* [Stored data entries]:
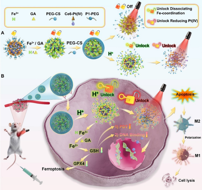 中药富含多种功能化合物,具有复杂的药理作用机制,明确中药的药效药理等命运变化过程是中药功能化合物研究的前沿热点。三亿体育齐若谷教授团队运用超分子化学原理,将光动力激活的铂类药物与多酚类中药没食子酸联合,创新设计构建出高聚物离子锁螯合前药分子探针,实现中药成分的分子水平精准作用机制,展示了中药成分与传统化疗药物结合后刺激巨噬细胞极化并诱发铁死亡的光动力过程,为中药功能化合物的开发提供了新的思路和方法。该研究论文“Sequential dual-locking strategy using photoactivated Pt(IV)-based metallo-nano prodrug for enhanced chemotherapy and photodynamic efficacy by triggering ferroptosis and macrophage polarization”发表于Acta Pharmaceutica Sinica B(IF=14.5)。
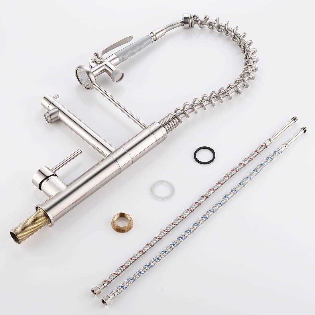 Commercial Kitchen Faucet with Pull Down Sprayer,AIMADI Modern Single Handle High Arch Pre-Rinse Spring Kitchen Sink Faucet,Brushed Nickel
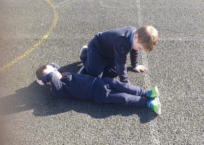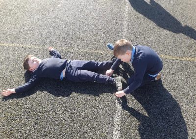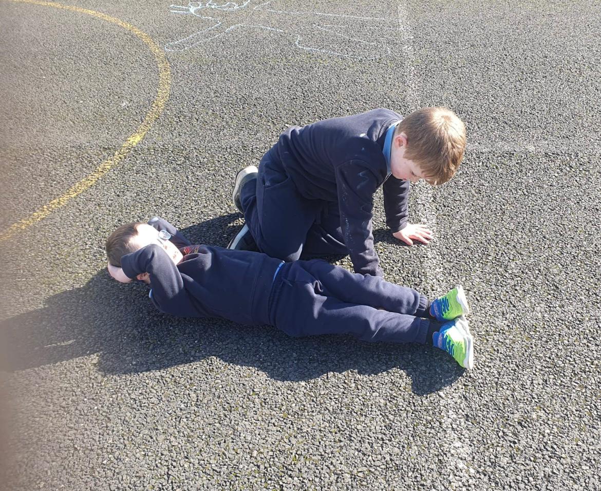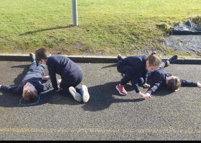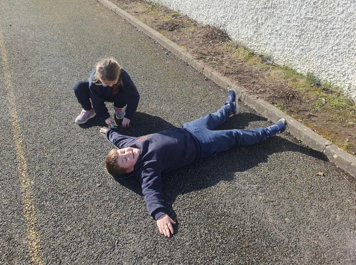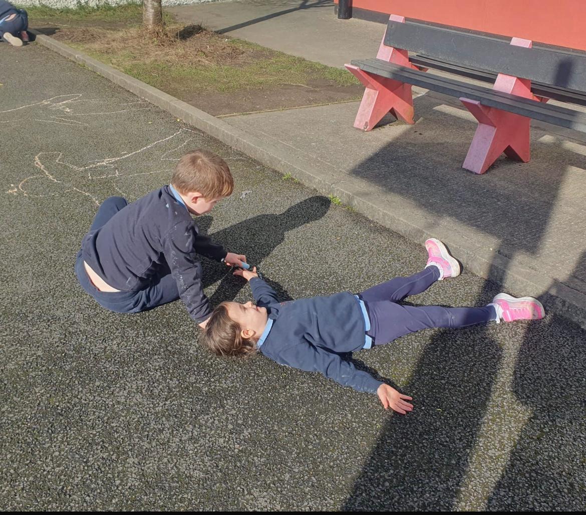 We made the best of the sunshine one afternoon last week and went outside to measure and compare our height. We found out who was taller and shorter. We also learned about light and shadows.
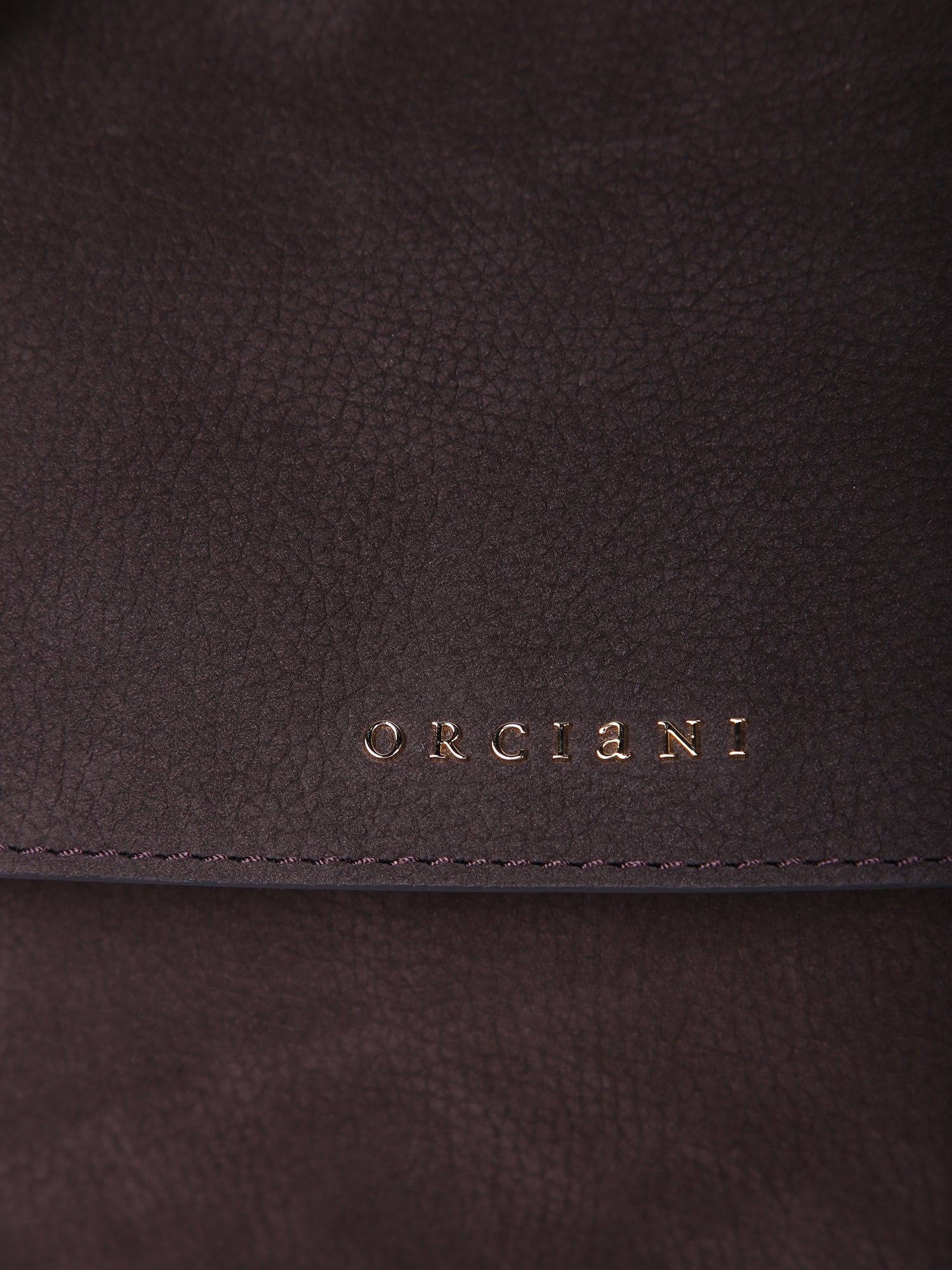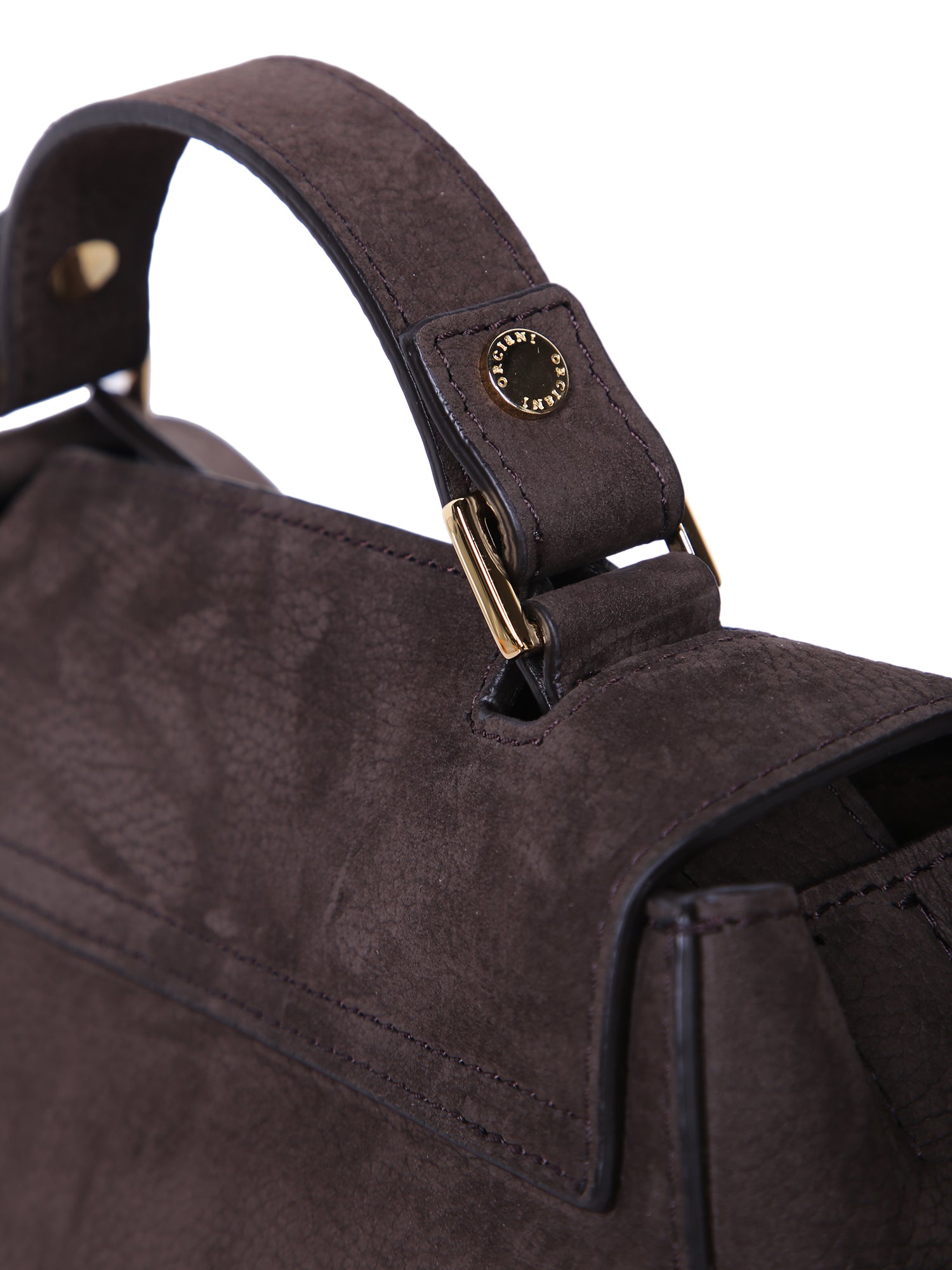 Brown suede leather bag. Top handle and adjustable, detachable shoulder strap. Front flap closure.
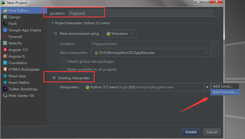 安装好pycharm > 新建一个项目 > 修改项目名 > 添加远程虚拟环境(点选 Add remote)
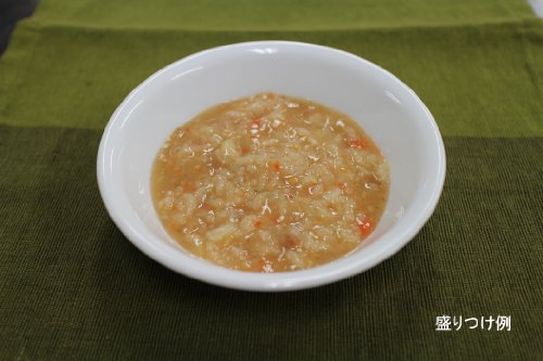 牛ひき肉、玉ねぎ、にんじん、じゃがいもが入ったほんのり甘めの雑炊です。ご要望の高い主食でうれしい食べきりサイズの100g入りです。
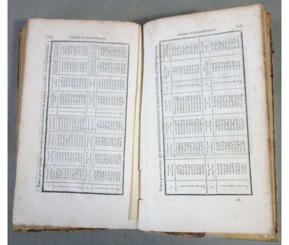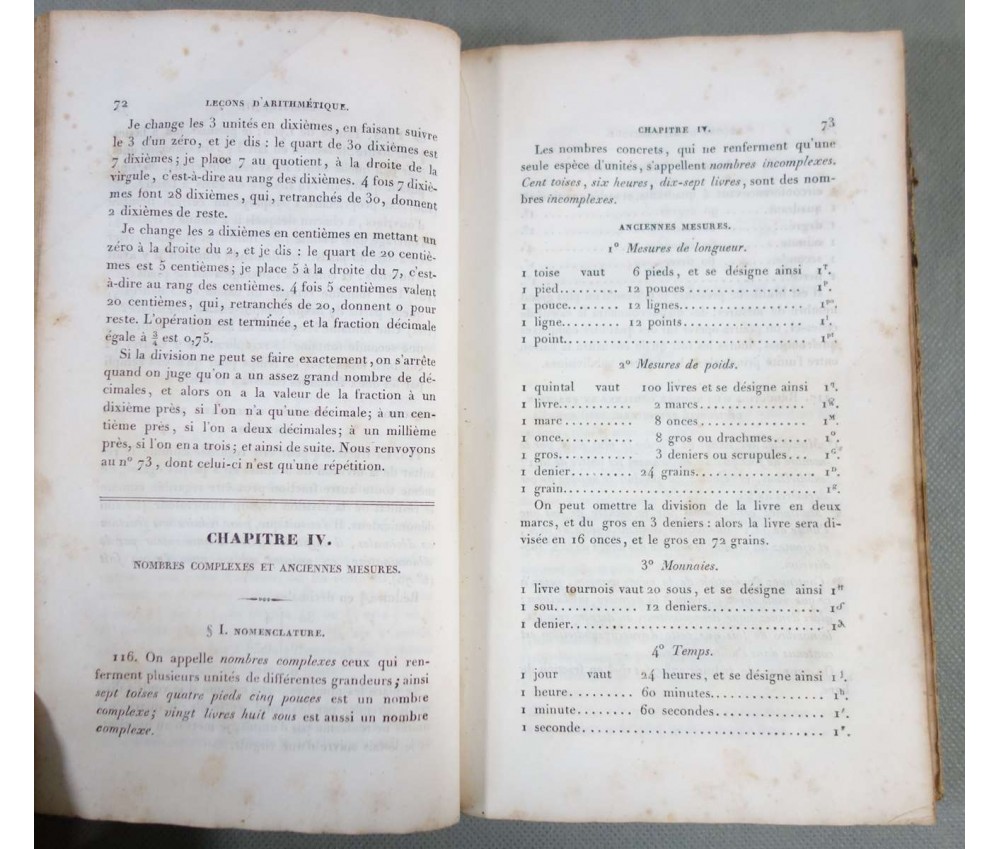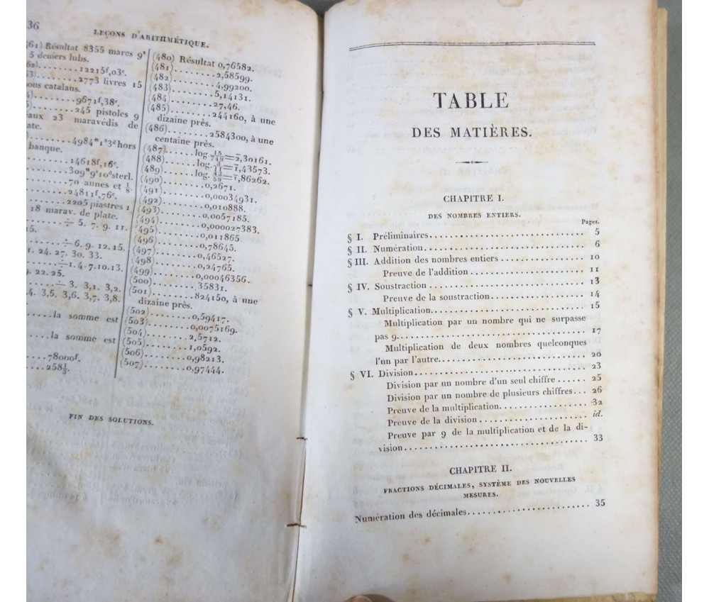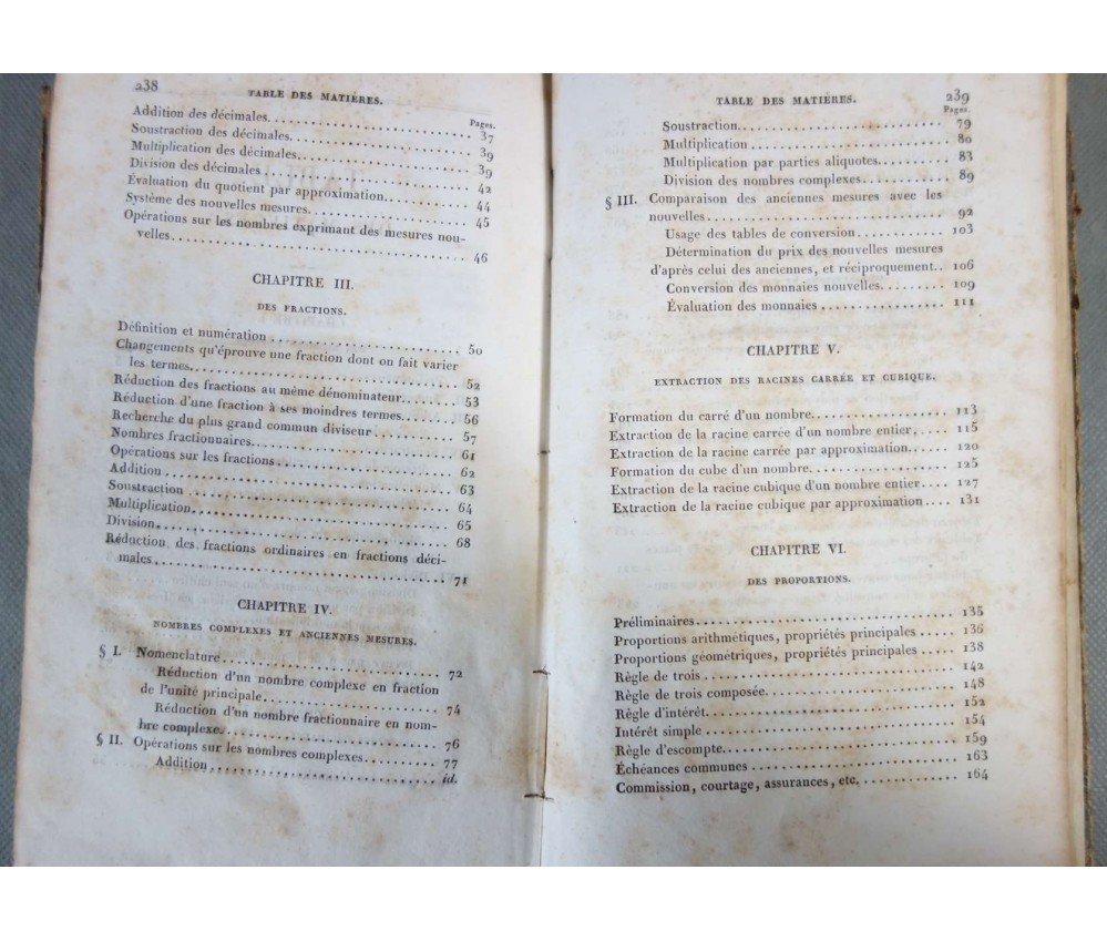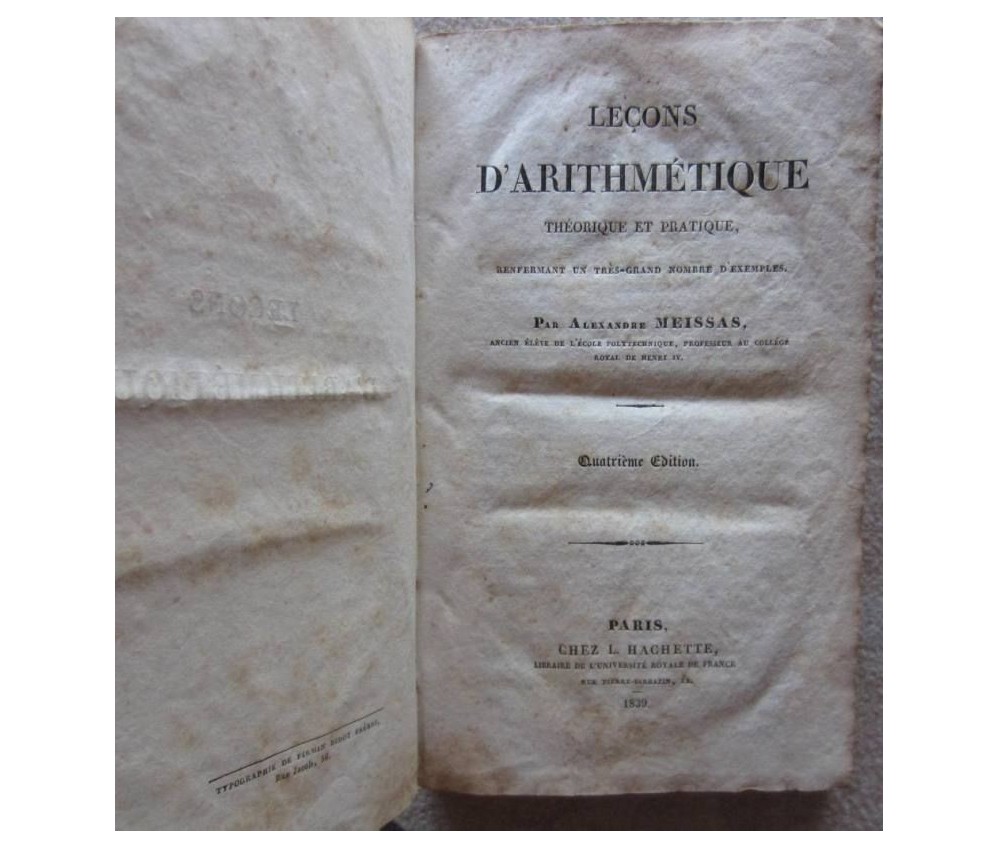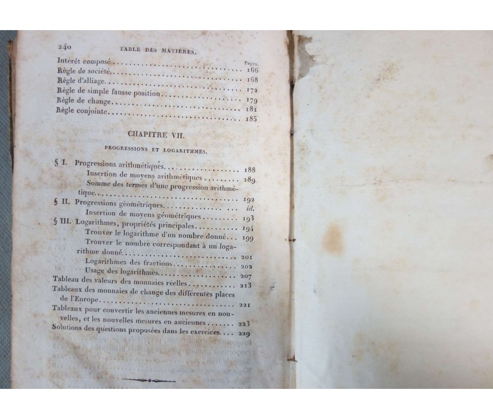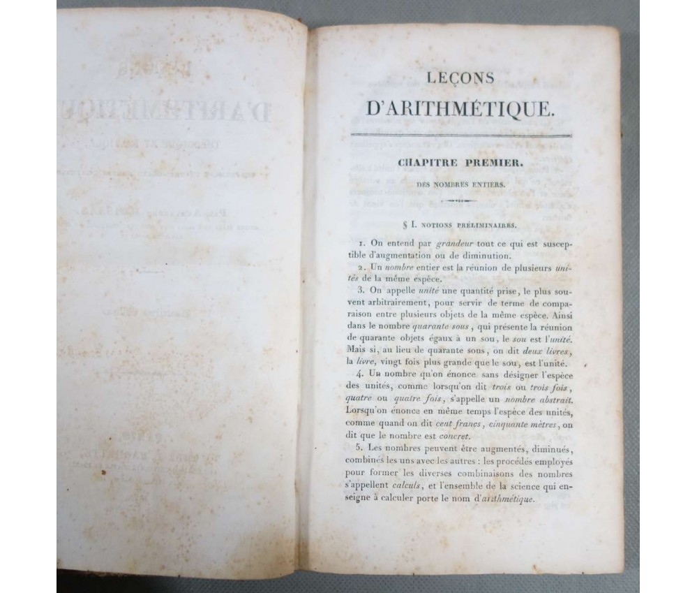 Voir nos visuels - 4è ed., Ed. Hachette, 240 pages, 1839, suite du titre: "renfermant un très grand nombre d'exemples". Petit in-8 cartonné, dos muet, intérieur propre mais nombreuses brunissures et dessins au crayon sur les contreplats, bords et coins très usés et rognés, plats frottés. Envoi rapide et soigné! (A17) Nombreux scolaires anciens en stock.
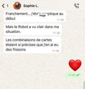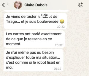 Contrairement aux tirages traditionnels, qui exigent de prendre rendez-vous, de payer des consultations coûteuses ou de passer des années à étudier le Lenormand, le Robot de Cartes vous offre des réponses immédiates, gratuites et personnalisées selon votre question.

* [Task brief]: Needed here is a verbatim copy of the data from the first line through the line with "安装好pycharm > 新建一个项目", without pictures.

* [Written answer]:
 中药富含多种功能化合物,具有复杂的药理作用机制,明确中药的药效药理等命运变化过程是中药功能化合物研究的前沿热点。三亿体育齐若谷教授团队运用超分子化学原理,将光动力激活的铂类药物与多酚类中药没食子酸联合,创新设计构建出高聚物离子锁螯合前药分子探针,实现中药成分的分子水平精准作用机制,展示了中药成分与传统化疗药物结合后刺激巨噬细胞极化并诱发铁死亡的光动力过程,为中药功能化合物的开发提供了新的思路和方法。该研究论文“Sequential dual-locking strategy using photoactivated Pt(IV)-based metallo-nano prodrug for enhanced chemotherapy and photodynamic efficacy by triggering ferroptosis and macrophage polarization”发表于Acta Pharmaceutica Sinica B(IF=14.5)。
 Commercial Kitchen Faucet with Pull Down Sprayer,AIMADI Modern Single Handle High Arch Pre-Rinse Spring Kitchen Sink Faucet,Brushed Nickel
 We made the best of the sunshine one afternoon last week and went outside to measure and compare our height. We found out who was taller and shorter. We also learned about light and shadows.
 Brown suede leather bag. Top handle and adjustable, detachable shoulder strap. Front flap closure.
 安装好pycharm > 新建一个项目 > 修改项目名 > 添加远程虚拟环境(点选 Add remote)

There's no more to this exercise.